Real time analysis, this is kind of a popular
trend now everyone's doing real time analytics. So real time
analytics is basically the practice of analyzing data
as it's generated. So as soon as something happens, you're analyzing
it, you're running some kind of transformation before it's even stored. And that offers
you the ability to be as real time as possible because you're literally transforming the
data. One thing that I think
that's just important to keep in mind is a lot of times, and I know
this happened for me, and this is why I kind of said this. I said
this before, I'm going to say it again, because when I first kind
of learned about real time analytics in general, I think a
lot of us just think about the generalized uses
of analytics systems where it's like dashboards
and things like that. The capabilities of what you can do with real
time analytics go way beyond dashboards.
And this is kind of what I was talking about those actionable insights before,
that's like when you're offering your users
insights or real time analytics to be able to make smarter
or more effective decisions in real time. So things that
have that need to know of what's happening right this very second,
you can either use it internally and have a system process it like
a machine that's like a llamalay detection related stuff. You can have a
human process it or you could give it to
your end users. And then people productize these things too,
where they literally, people pay for premium services either for an
entire software or for
just certain real time analytic capabilities and things like that.

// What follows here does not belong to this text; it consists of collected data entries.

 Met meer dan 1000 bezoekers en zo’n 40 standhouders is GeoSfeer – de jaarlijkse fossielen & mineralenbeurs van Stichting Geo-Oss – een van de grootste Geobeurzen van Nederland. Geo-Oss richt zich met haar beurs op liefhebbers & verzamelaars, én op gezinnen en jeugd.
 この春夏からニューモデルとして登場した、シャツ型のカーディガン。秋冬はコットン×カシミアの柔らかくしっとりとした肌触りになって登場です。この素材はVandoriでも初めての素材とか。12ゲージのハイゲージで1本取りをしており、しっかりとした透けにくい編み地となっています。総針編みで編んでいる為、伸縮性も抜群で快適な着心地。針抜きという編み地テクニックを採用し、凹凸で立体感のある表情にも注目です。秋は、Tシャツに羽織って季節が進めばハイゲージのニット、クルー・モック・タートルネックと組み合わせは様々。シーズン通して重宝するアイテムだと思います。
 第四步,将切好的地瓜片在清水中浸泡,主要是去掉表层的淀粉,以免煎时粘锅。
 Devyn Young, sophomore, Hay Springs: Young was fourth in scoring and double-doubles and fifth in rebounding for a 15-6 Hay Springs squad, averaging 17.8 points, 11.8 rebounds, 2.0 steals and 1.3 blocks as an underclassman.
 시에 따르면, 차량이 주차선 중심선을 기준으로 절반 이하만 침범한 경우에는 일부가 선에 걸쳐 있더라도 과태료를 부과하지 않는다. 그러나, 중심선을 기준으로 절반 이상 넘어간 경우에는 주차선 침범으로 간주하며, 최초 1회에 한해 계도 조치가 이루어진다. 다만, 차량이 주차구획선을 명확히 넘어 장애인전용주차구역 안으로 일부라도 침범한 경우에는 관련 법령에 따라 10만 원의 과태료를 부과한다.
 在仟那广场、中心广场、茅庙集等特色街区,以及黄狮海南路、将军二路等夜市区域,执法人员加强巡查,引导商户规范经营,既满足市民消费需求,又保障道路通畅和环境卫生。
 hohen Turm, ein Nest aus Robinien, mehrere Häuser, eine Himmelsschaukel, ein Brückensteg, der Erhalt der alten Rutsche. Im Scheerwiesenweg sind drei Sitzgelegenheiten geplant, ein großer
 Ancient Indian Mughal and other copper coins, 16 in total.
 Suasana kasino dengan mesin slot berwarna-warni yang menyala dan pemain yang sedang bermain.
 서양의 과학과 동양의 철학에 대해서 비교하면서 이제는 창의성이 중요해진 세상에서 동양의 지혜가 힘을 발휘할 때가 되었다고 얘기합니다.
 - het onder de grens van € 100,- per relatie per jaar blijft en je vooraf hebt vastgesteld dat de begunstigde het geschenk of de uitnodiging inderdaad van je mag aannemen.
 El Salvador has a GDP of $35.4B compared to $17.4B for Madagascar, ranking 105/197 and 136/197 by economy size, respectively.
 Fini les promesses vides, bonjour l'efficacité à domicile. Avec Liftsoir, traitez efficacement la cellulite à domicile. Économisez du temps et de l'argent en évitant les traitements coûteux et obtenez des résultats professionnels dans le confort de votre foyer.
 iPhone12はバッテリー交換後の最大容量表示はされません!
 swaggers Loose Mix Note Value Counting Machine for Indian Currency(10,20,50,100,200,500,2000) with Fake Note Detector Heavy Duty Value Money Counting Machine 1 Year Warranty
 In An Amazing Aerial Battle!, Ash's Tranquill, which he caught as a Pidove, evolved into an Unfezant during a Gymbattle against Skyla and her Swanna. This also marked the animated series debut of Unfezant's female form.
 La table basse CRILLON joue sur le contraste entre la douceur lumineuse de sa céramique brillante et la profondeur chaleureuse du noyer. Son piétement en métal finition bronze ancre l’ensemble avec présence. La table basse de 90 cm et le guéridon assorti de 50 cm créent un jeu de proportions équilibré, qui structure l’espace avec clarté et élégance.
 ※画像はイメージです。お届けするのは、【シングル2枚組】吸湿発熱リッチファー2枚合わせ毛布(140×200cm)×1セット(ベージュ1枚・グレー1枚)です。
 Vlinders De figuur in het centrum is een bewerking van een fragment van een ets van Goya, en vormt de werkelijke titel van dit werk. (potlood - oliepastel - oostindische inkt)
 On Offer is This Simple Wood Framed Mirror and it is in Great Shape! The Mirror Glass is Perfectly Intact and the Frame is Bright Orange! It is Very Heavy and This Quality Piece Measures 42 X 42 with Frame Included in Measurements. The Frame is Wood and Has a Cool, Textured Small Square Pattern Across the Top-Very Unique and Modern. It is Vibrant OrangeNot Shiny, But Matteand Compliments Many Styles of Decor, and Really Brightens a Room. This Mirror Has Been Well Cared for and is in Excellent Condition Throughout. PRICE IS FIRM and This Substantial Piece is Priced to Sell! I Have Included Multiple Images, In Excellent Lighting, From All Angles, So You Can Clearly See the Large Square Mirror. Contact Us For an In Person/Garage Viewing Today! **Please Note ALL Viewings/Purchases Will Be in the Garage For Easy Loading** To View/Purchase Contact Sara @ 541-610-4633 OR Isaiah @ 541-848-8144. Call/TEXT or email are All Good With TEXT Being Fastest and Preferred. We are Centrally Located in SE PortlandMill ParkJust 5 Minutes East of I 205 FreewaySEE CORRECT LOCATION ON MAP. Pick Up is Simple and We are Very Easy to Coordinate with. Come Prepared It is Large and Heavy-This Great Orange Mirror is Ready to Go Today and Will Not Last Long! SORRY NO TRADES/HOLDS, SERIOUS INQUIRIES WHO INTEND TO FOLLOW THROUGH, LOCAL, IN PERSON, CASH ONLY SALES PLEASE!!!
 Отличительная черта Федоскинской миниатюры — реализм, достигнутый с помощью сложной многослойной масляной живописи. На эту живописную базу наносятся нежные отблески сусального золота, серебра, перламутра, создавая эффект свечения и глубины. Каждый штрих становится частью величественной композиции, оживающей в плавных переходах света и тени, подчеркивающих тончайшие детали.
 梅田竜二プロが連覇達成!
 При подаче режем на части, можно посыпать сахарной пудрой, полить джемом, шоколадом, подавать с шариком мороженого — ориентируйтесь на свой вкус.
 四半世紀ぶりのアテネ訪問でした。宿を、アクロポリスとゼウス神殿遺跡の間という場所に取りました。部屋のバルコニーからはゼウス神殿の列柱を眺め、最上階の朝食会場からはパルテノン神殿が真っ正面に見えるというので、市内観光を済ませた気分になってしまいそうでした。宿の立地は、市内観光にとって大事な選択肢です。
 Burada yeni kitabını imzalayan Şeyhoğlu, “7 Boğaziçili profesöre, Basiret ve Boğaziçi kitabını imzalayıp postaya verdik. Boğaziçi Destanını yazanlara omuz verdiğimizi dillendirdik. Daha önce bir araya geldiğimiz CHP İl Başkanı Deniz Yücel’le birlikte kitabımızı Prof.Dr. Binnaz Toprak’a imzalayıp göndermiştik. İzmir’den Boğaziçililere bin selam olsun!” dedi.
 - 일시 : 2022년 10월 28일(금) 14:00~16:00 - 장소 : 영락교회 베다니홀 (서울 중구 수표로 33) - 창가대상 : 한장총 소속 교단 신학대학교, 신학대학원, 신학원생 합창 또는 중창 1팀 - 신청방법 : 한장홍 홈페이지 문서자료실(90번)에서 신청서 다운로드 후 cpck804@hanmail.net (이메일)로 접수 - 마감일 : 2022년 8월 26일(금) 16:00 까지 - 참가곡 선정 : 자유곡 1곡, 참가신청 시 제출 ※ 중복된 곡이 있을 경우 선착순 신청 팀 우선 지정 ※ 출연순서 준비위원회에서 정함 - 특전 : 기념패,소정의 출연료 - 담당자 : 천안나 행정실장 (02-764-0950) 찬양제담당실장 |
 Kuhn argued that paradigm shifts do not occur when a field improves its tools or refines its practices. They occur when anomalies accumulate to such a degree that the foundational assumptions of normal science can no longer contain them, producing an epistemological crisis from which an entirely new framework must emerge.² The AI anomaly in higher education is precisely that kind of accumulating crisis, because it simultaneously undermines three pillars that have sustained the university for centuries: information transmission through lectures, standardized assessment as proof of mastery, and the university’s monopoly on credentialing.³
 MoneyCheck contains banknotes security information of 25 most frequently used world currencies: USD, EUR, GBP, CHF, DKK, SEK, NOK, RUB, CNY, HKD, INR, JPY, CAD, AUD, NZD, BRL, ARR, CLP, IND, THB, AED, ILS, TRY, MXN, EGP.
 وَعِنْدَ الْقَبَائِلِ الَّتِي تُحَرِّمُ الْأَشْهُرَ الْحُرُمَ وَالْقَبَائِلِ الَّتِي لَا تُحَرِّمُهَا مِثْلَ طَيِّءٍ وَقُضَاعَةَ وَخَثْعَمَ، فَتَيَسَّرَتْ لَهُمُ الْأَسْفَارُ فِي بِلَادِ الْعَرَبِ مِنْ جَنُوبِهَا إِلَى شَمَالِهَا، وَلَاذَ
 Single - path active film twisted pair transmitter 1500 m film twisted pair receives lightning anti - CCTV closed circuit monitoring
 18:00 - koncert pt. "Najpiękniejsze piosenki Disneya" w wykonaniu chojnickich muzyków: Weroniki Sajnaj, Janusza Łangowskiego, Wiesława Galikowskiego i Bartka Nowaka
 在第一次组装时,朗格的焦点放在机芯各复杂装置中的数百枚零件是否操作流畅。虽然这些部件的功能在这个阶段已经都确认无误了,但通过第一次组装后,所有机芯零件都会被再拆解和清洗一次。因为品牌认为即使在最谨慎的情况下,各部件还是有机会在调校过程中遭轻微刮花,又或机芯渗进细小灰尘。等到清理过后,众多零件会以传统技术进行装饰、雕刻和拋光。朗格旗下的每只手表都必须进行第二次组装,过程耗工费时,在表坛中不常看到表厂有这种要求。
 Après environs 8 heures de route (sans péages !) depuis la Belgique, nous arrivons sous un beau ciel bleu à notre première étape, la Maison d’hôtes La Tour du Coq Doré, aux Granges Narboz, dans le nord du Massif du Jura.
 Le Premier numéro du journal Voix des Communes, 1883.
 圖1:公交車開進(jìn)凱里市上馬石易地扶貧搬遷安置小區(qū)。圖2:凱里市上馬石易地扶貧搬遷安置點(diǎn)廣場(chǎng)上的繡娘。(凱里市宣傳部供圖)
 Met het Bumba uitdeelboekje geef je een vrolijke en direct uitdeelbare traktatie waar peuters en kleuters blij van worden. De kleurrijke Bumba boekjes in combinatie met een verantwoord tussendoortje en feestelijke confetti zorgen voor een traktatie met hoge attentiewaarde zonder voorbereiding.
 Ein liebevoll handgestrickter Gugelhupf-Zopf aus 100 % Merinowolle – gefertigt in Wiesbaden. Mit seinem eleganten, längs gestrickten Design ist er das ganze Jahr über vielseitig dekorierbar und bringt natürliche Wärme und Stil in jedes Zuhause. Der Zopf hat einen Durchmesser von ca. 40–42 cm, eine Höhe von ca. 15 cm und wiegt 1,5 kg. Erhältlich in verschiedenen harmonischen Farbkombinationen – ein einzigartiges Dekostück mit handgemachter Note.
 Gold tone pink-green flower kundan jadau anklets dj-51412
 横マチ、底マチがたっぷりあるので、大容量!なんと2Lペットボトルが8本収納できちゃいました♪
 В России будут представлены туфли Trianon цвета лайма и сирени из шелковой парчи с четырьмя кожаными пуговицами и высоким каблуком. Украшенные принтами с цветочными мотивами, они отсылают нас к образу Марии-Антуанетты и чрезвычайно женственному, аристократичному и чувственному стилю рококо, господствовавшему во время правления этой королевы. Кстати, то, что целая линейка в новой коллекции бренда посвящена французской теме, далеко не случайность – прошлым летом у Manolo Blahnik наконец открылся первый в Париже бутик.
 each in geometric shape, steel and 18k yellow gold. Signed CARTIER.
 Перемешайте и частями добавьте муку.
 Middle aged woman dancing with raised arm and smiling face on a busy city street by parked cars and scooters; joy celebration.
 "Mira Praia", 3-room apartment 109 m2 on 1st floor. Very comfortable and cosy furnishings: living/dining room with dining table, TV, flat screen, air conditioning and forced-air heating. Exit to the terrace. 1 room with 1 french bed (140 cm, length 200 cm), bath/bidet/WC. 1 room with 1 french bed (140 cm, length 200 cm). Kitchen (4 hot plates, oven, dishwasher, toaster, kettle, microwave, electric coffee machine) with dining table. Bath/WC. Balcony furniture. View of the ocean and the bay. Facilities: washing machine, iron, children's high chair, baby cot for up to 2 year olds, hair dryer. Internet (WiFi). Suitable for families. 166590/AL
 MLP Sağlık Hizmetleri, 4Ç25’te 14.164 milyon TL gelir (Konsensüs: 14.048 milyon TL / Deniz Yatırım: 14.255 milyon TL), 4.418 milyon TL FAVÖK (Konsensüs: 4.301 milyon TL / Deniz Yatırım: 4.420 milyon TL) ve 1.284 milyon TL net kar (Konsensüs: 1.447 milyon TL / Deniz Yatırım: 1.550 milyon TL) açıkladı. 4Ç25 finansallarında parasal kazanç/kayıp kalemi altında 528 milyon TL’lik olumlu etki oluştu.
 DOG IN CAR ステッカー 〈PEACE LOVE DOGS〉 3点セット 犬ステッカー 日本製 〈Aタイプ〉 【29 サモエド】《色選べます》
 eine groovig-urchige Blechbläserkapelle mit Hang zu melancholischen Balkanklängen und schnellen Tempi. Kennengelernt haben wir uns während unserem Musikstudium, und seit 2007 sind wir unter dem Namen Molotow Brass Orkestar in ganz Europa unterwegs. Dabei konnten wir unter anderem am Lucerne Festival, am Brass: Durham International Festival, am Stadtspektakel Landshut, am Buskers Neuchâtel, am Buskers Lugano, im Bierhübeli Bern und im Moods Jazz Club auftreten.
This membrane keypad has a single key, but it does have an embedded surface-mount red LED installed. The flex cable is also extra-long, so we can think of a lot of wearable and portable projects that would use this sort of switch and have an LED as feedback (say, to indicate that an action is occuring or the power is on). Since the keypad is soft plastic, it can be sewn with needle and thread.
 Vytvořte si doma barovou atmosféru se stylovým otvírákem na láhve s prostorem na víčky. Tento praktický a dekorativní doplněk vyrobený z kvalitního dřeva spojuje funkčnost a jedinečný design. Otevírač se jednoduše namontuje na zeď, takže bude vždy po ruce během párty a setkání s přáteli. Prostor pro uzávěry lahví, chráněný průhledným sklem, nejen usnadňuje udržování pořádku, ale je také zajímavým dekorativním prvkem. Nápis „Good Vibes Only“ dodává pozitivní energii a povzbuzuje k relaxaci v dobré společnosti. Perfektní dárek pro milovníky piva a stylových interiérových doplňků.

So that's just something that I think is really important to keep in mind
in terms of real time analytics. It provides business with
valuable insights and actionable information real time.
And it does provide competitive advantages by enabling business to
respond quickly and changing market conditions. It also offers competitive
advantages because if you use it for the actionable insights that
I was kind of mentioning with your users, you can make your users
happier and they could have a more positive experience using your technology if
they have a more real time, insightful experience.
I mean, everybody knows we don't have patients, and as
time goes, we have less and less and less patients. Okay.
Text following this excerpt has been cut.